▸ PROBLEM:
Among the entries below, only the lines from the one with "New ! Parler" through the one with "ANTIGUO CINTURON DE" are to be retyped, exactly and without pictures.

▸ SUPPLIED DATA:
══════════════════════════════
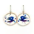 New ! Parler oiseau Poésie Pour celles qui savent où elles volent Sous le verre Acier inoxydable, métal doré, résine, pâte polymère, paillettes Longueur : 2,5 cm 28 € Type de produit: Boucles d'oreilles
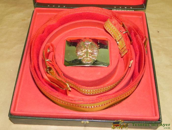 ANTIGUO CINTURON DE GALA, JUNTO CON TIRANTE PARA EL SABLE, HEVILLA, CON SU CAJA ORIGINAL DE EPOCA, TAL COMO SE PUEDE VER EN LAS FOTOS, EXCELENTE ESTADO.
══════════════════════════════
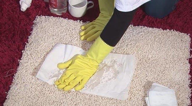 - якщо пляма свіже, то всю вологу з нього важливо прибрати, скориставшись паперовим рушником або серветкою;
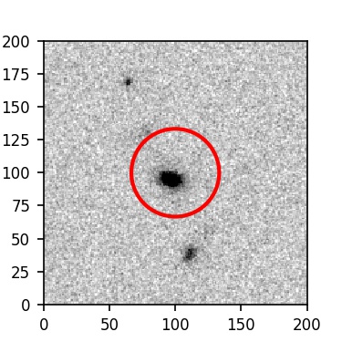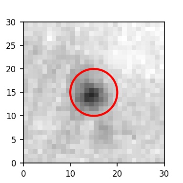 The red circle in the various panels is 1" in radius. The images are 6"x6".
══════════════════════════════
▸ WRITTEN SOLUTION:
 New ! Parler oiseau Poésie Pour celles qui savent où elles volent Sous le verre Acier inoxydable, métal doré, résine, pâte polymère, paillettes Longueur : 2,5 cm 28 € Type de produit: Boucles d'oreilles
 ANTIGUO CINTURON DE GALA, JUNTO CON TIRANTE PARA EL SABLE, HEVILLA, CON SU CAJA ORIGINAL DE EPOCA, TAL COMO SE PUEDE VER EN LAS FOTOS, EXCELENTE ESTADO.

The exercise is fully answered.